Hi Tom, thank you for your time. I have stripped train_part and run manually conversion from pandas to DMatrix, then only rabbit and xgb training on single GPU. GPU memmory got filled. It happened so fast I did not catch it. Same happened on the local cluster.
Debugging this is a challenge, but I learned a lot. Thx.
Dask worker dies after calling dask_xgboost.train method using GPU's (one or many). Same code runs fine on CPU.
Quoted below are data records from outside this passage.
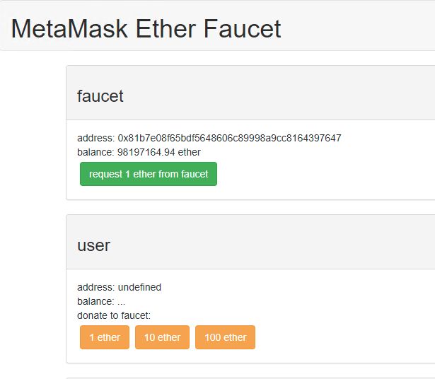 아래 포시트(수도꼭지)테스트 에서 Ether 얻기를 클릭한다.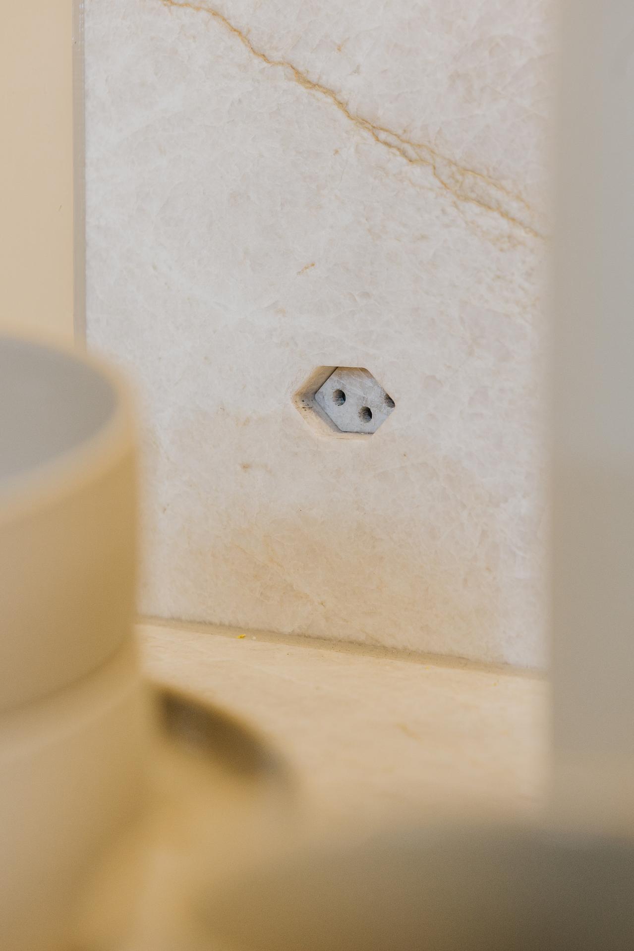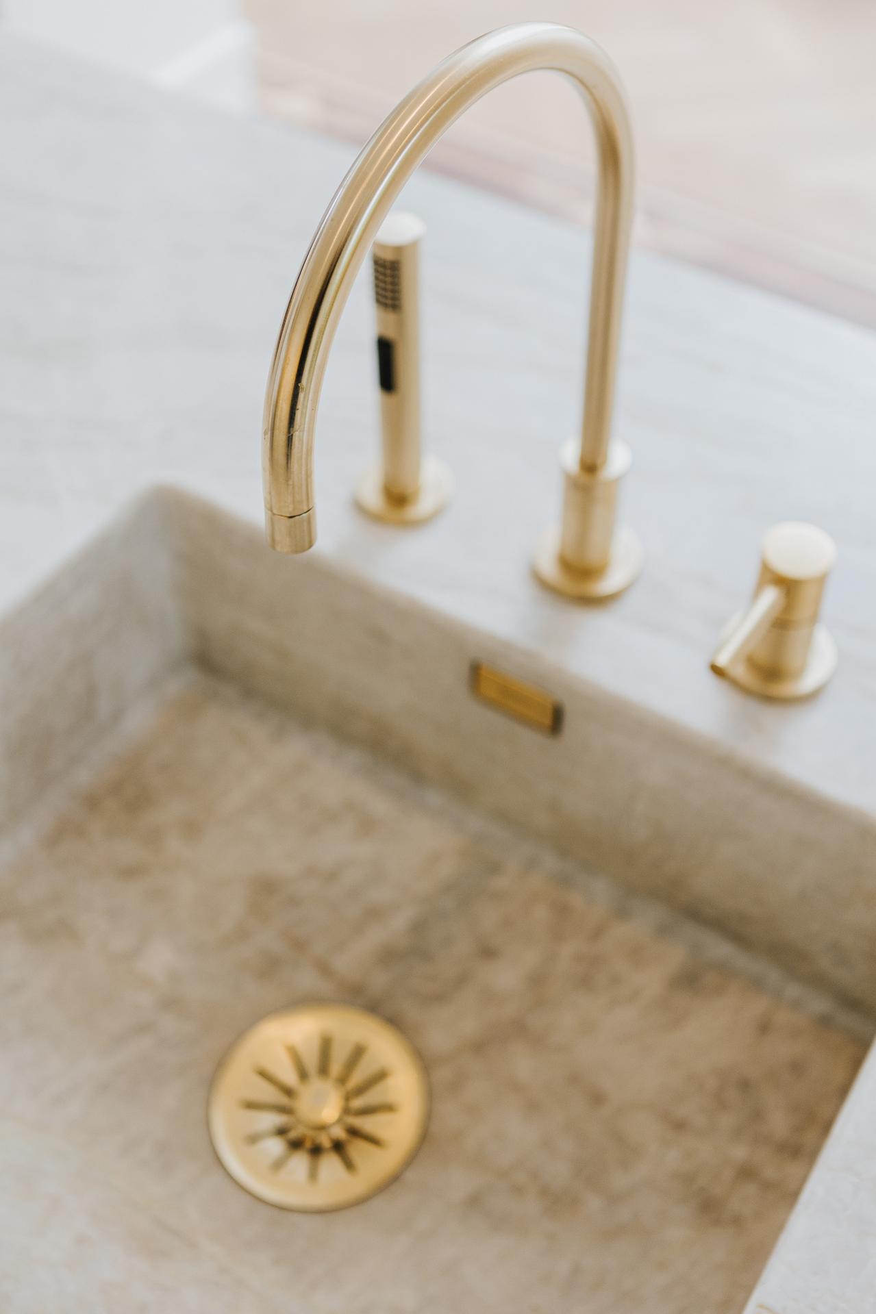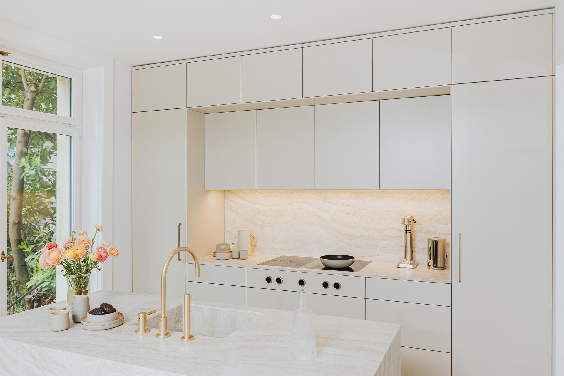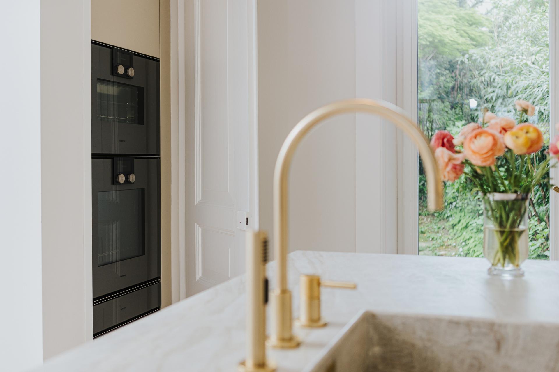 So wurde die geliebte Siebträgermaschine mit Festwasseranschluss in einem Wandschrank mit Auszugstablar untergebracht, um maximalen Komfort zu bieten. Auch die goldveredelten Details am Waschbecken, passend zur Dornbracht-Armatur, setzen einen besonderen Akzent und konnten als Sonderanfertigung realisiert werden.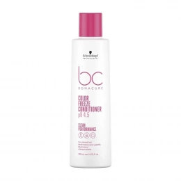 Veganský kondicionér Schwarzkopf BC Bonacure Color Freeze Conditioner se hodí pro potřeby barvených vlasů. Navrací vlasům optimální hodnotu pH 4.5. to pomáhá dosáhnout 90% zachování barvy až po 30 mytí. Kondicionér BC Bonacure Color Freeze Conditioner byl vytvořen tak, aby jemně čistil a vyživoval Vaše vlasy. Je bez silikonů a umělých barviv. Navrací vlasům optimální hodnotu pH a zabraňuje vyblednutí barvy vlasů. Oživuje matné barvy vlasů a uhlazuje povrch každého pramene vlasů, aby vytvořil brilantní lesk.
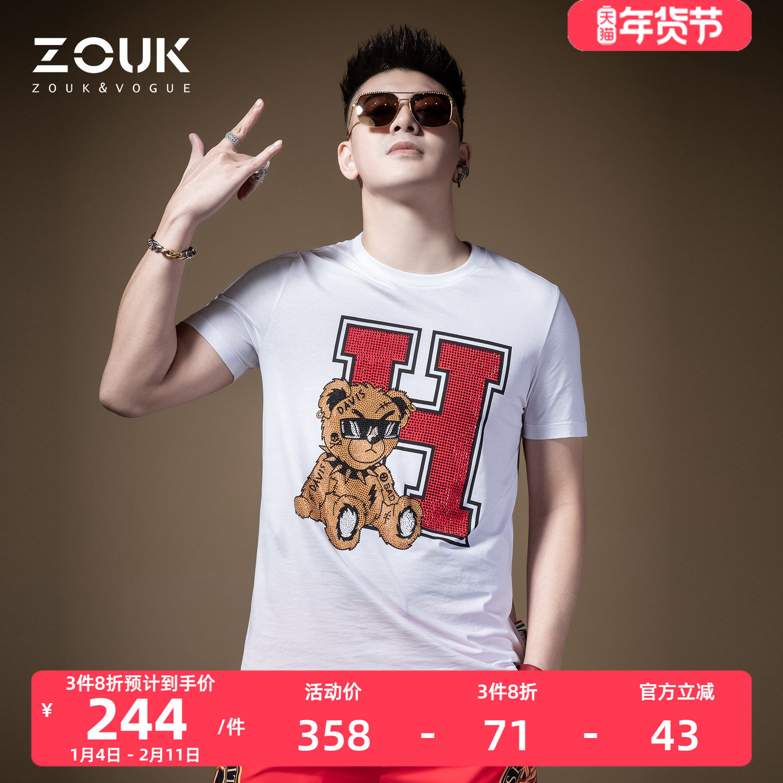 ZOUK男士短袖2021新款暴力熊印花烫钻高端t恤男潮牌百搭丝光棉夏
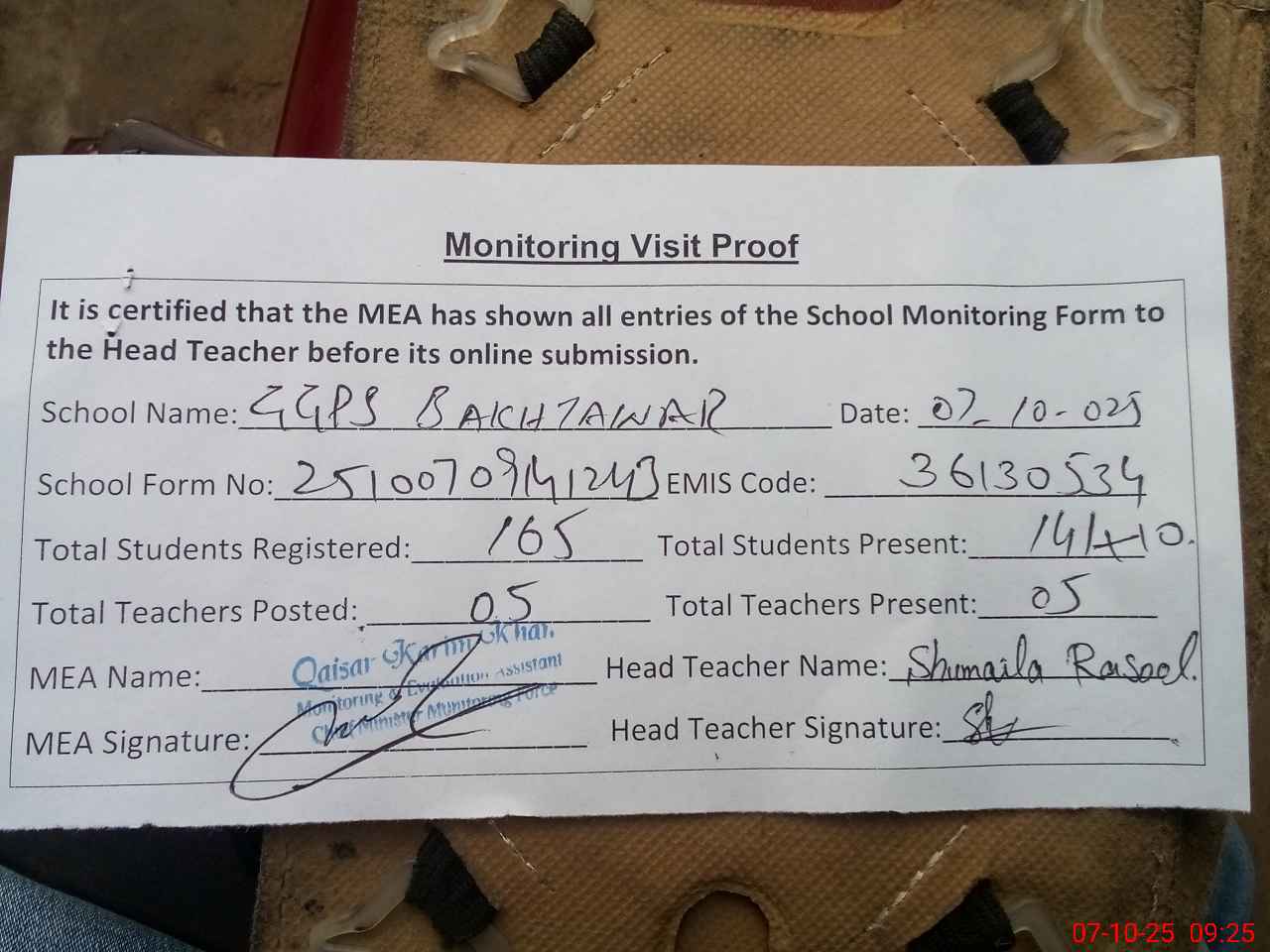 | Monitoring Date: 07-10-2025 | Start Time: 07-10-2025 08:54 AM | End Time: 07-10-2025 09:25 AM | Name of MEA: Qa**** Ka**** Kh**** | |

Configuration used - RAPIDS docker image cuDF Version: 0.12.0b+2032.gab97331 Dask Version: 2.10.1 Dask cuDF Version: 0.12.0b+2032.gab97331 Dask XGBoost Version: 0.1.5 numpy Version: 1.18.1 pandas Version: 0.25.3 Scikit-Learn Version: 0.22.1
Description / Steps
distributed.scheduler - INFO - Clear task state distributed.scheduler - INFO - Scheduler at: tcp://127.0.0.1:43901 distributed.scheduler - INFO - dashboard at: 127.0.0.1:8787 distributed.nanny - INFO - Start Nanny at: 'tcp://127.0.0.1:36881' distributed.scheduler - INFO - Register worker <Worker 'tcp://127.0.0.1:41279', name: 0, memory: 0, processing: 0> distributed.scheduler - INFO - Starting worker compute stream, tcp://127.0.0.1:41279 distributed.core - INFO - Starting established connection distributed.scheduler - INFO - Receive client connection: Client-b52dc8d4-6d07-11ea-b55f-0242ac110002 distributed.core - INFO - Starting established connection
Reading data from CSV: Pandas DF -> Dask DF -> Dask cudf Here data processing on single GPU / multi GPU works fine. Then:
distributed.worker - INFO - Run out-of-band function 'start_tracker' distributed.scheduler - INFO - Remove worker <Worker 'tcp://127.0.0.1:41279', name: 0, memory: 12, processing: 1> distributed.core - INFO - Removing comms to tcp://127.0.0.1:41279 distributed.scheduler - INFO - Lost all workers distributed.nanny - INFO - Worker process 13746 was killed by unknown signal distributed.nanny - WARNING - Restarting worker distributed.scheduler - INFO - Register worker <Worker 'tcp://127.0.0.1:33803', name: 0, memory: 0, processing: 8> distributed.scheduler - INFO - Starting worker compute stream, tcp://127.0.0.1:33803 distributed.core - INFO - Starting established connection
The train_part indicates "no-worker" and just hangs there.